> [Your instructions]: Quote the whole listing word for word. Do not include the pictures.

------ Given information

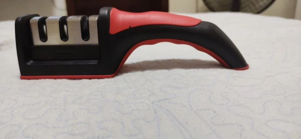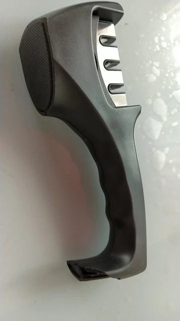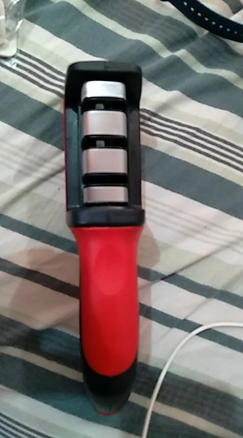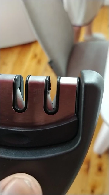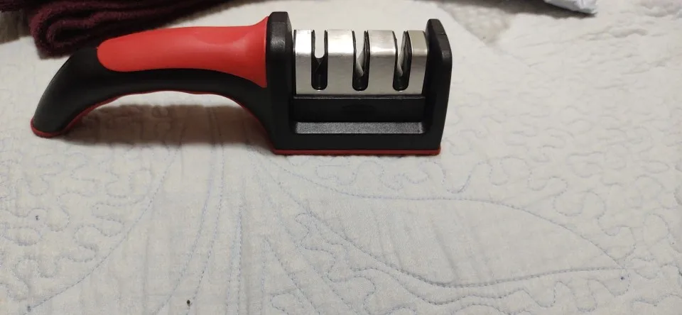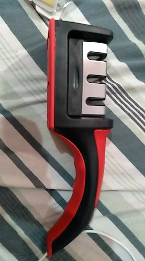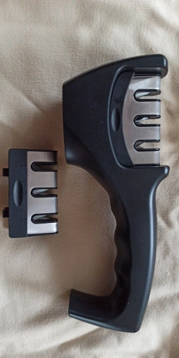Это вторая точилка с Али. И, увы, с первой не сравнить,- дешёвая копия. Первую заказала, тяжеленькая, пластик добротный и приятный, не скользит в руках. Точильные ножи три разные: грубый, средний и керамический. В этом же магазине: пластик тонкий, хлипкий, ножи: 1 - как средний (в предыдущей точилке), и два- одинаковых белых. Куски пластика на швах и стыках не обработаны и не обрезаны, торчат. Жестянка вся гуляет. Короче, Небо и Земля. Увы! Не рекомендую здесь покупать, лучше поискать более качественные в других магазинах.
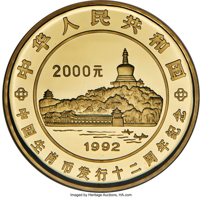 A People’s Republic gold Proof "Seismography" 2000 Yuan (1 Kilo) 1992 PR68 Ultra Cameo NGC, from the Shenyang Mint, is from the Scientific Inventions and Discoveries of Ancient China Series. The certificate indicates that it hails from a tiny mintage of just 10 pieces, although Chan suggests the mintage actually included 16; a record has been found of just one other example being offered at public auction, in 2003.
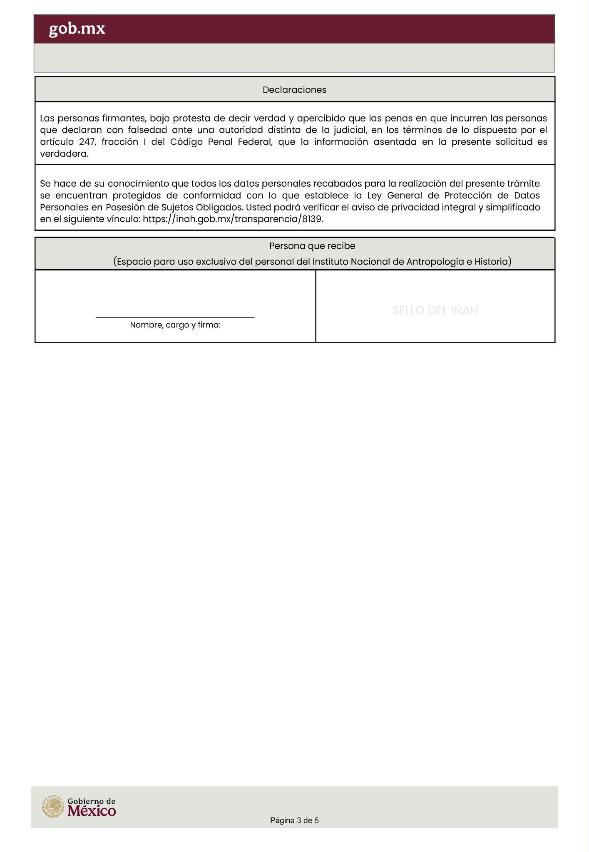 | 3 | INAH-03-002 | Solicitud de permiso para la transportación, cambio de domicilio y/o exhibición de monumentos arqueológicos muebles dentro del territorio nacional en custodia de particulares | 1. Formato INAH-03-002, "Solicitud de permiso para la transportación, cambio de domicilio y/o exhibición de monumentos arqueológicos muebles dentro del territorio nacional en custodia de particulares". | 10 días hábiles | 5 días hábiles |

------------

> [Task response]:
Это вторая точилка с Али. И, увы, с первой не сравнить,- дешёвая копия. Первую заказала, тяжеленькая, пластик добротный и приятный, не скользит в руках. Точильные ножи три разные: грубый, средний и керамический. В этом же магазине: пластик тонкий, хлипкий, ножи: 1 - как средний (в предыдущей точилке), и два- одинаковых белых. Куски пластика на швах и стыках не обработаны и не обрезаны, торчат. Жестянка вся гуляет. Короче, Небо и Земля. Увы! Не рекомендую здесь покупать, лучше поискать более качественные в других магазинах.
 A People’s Republic gold Proof "Seismography" 2000 Yuan (1 Kilo) 1992 PR68 Ultra Cameo NGC, from the Shenyang Mint, is from the Scientific Inventions and Discoveries of Ancient China Series. The certificate indicates that it hails from a tiny mintage of just 10 pieces, although Chan suggests the mintage actually included 16; a record has been found of just one other example being offered at public auction, in 2003.
 | 3 | INAH-03-002 | Solicitud de permiso para la transportación, cambio de domicilio y/o exhibición de monumentos arqueológicos muebles dentro del territorio nacional en custodia de particulares | 1. Formato INAH-03-002, "Solicitud de permiso para la transportación, cambio de domicilio y/o exhibición de monumentos arqueológicos muebles dentro del territorio nacional en custodia de particulares". | 10 días hábiles | 5 días hábiles |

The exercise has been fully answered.